The euro rose 0.26% against the dollar last week (EUR/USD), marking the first weekly gain in around a month ahead of the European Central Bank (ECB) rate decision on Thursday, June 15. The European markets had a positive day on Tuesday, with the German 40 (FDAX) index recording a tiny gain of 0.06% and the FTSE 100 (UK 100) rising by 0.32%.
The ECB is expected to raise interest rates by a quarter of a point when it meets on Thursday. However, uncertainty over how much higher the interest rate will go persists after inflation in the Euro Area fell more than expected in May, and the economy fell into recession over the winter.

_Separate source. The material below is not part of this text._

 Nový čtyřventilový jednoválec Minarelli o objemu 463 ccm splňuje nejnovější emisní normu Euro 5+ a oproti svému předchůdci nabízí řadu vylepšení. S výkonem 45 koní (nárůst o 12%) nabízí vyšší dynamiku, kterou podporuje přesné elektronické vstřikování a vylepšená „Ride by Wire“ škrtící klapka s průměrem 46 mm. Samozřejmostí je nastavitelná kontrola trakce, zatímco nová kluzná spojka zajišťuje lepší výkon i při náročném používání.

Analysts predict that a 25 basis point rate hike is a "done deal", expecting the ECB to ignore disappointing growth and a growingly gloomy economic outlook. The economic data published since the last meeting on May 4 favour doves as inflation slowed but remained comfortably away from the 2% target at 6.1%. Moreover, analysts believe the ECB will favour higher rates.
The Bigger Picture
The expected quarter-point interest rate hike would put the key deposit rate at 3.5%, the highest since 2001. The ECB has been on an unprecedented rate hiking campaign since the middle of last year, in which it has already tightened by 375 basis points. Despite this aggressive action, headline inflation remains well out of the range where the ECB can ease up, implying the focus of the ECB's meeting may be on any indication of when rates may peak.
The inflation rate in the Eurozone is at 6.1%, over triple the ECB's target of 2%. While that is lower than the 10.6% peak last October, headline inflation is anticipated to stay above target at least through 2025, according to a poll of economists. Core inflation is also expected to remain above target for the rest of the year due to wage inflation and a hot jobs market.
What Are ECB Members Saying?
As recently as June 1, ECB's President Christine Lagarde stated that inflation was too high, despite increasing evidence showing that rate hikes implemented so far function against rising inflation. In fact, the interpretation from the minutes of the last meeting is that ECB members essentially promise that the bank will hike at the next meeting.
Some policymakers have already said another rate hike is in the cards for the July 27 meeting. The problem is that underlying price growth remains high, and there is no clear evidence that it has peaked, according to the ECB President.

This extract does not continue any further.